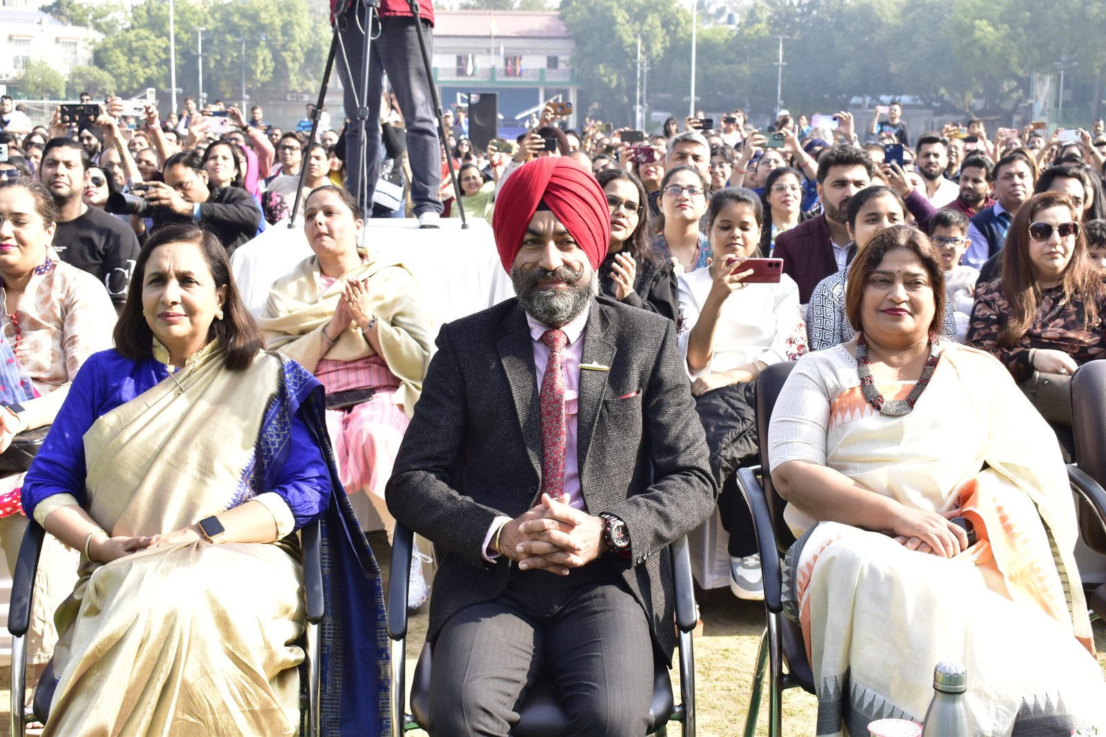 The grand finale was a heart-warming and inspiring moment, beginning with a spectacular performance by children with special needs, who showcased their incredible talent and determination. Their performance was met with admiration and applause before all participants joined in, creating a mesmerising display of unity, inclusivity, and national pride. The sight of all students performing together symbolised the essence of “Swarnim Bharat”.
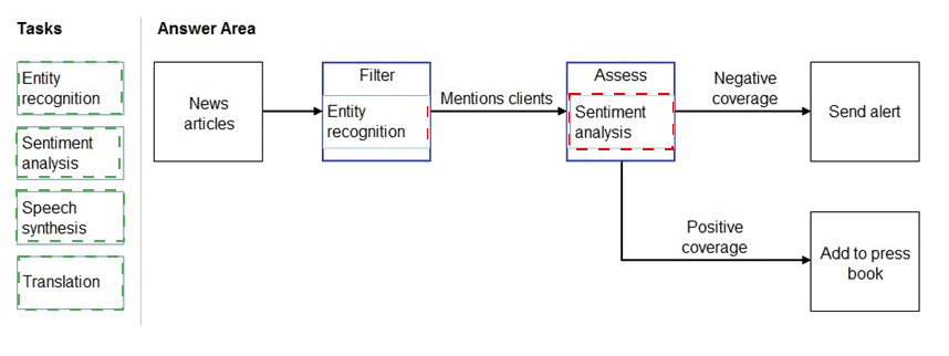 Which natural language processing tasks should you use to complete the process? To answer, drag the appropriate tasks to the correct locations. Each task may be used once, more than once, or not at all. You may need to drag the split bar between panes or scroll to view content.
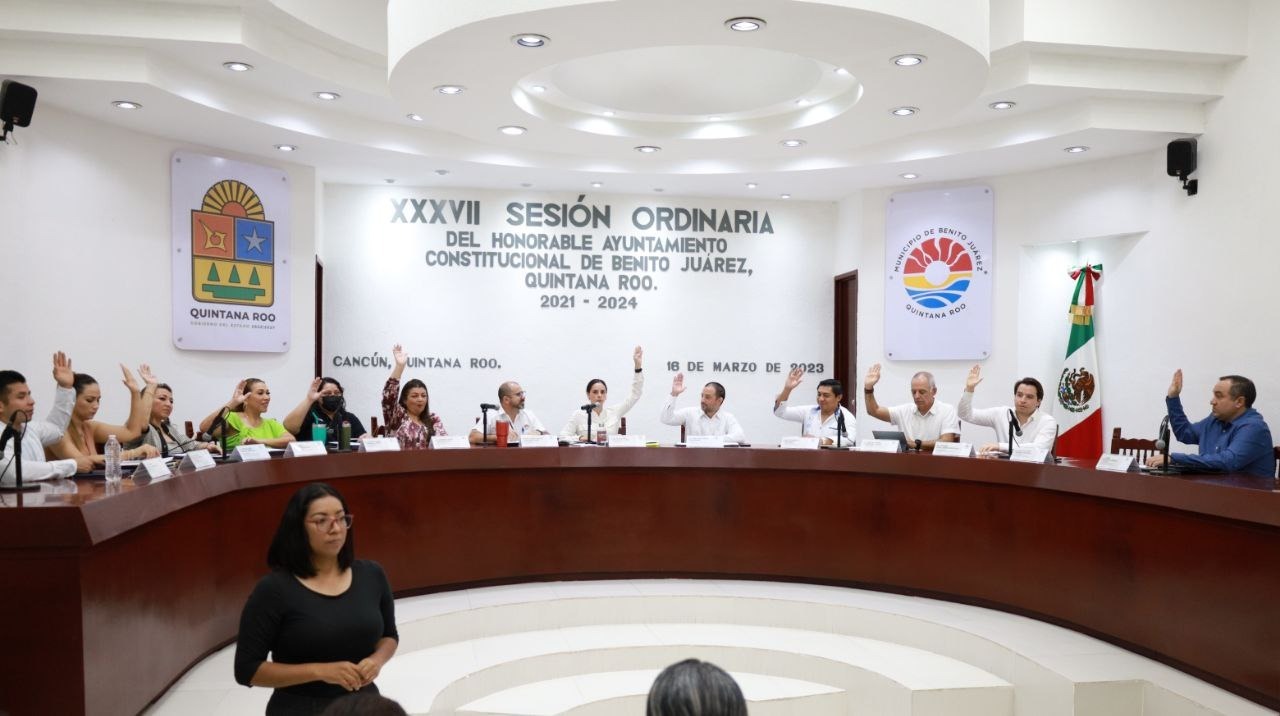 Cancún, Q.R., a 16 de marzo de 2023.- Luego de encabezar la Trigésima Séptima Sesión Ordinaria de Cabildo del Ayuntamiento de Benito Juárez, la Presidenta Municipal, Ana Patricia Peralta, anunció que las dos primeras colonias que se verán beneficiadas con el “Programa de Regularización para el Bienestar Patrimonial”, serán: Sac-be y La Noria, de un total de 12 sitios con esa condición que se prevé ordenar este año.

• • • • • • •

* WHAT YOU WILL DO *
Transcribe exactly the span of lines from the line holding "Which natural language" through the last line above, both included. Pictures stay out.

* RESPONSE AREA *
 Which natural language processing tasks should you use to complete the process? To answer, drag the appropriate tasks to the correct locations. Each task may be used once, more than once, or not at all. You may need to drag the split bar between panes or scroll to view content.
 Cancún, Q.R., a 16 de marzo de 2023.- Luego de encabezar la Trigésima Séptima Sesión Ordinaria de Cabildo del Ayuntamiento de Benito Juárez, la Presidenta Municipal, Ana Patricia Peralta, anunció que las dos primeras colonias que se verán beneficiadas con el “Programa de Regularización para el Bienestar Patrimonial”, serán: Sac-be y La Noria, de un total de 12 sitios con esa condición que se prevé ordenar este año.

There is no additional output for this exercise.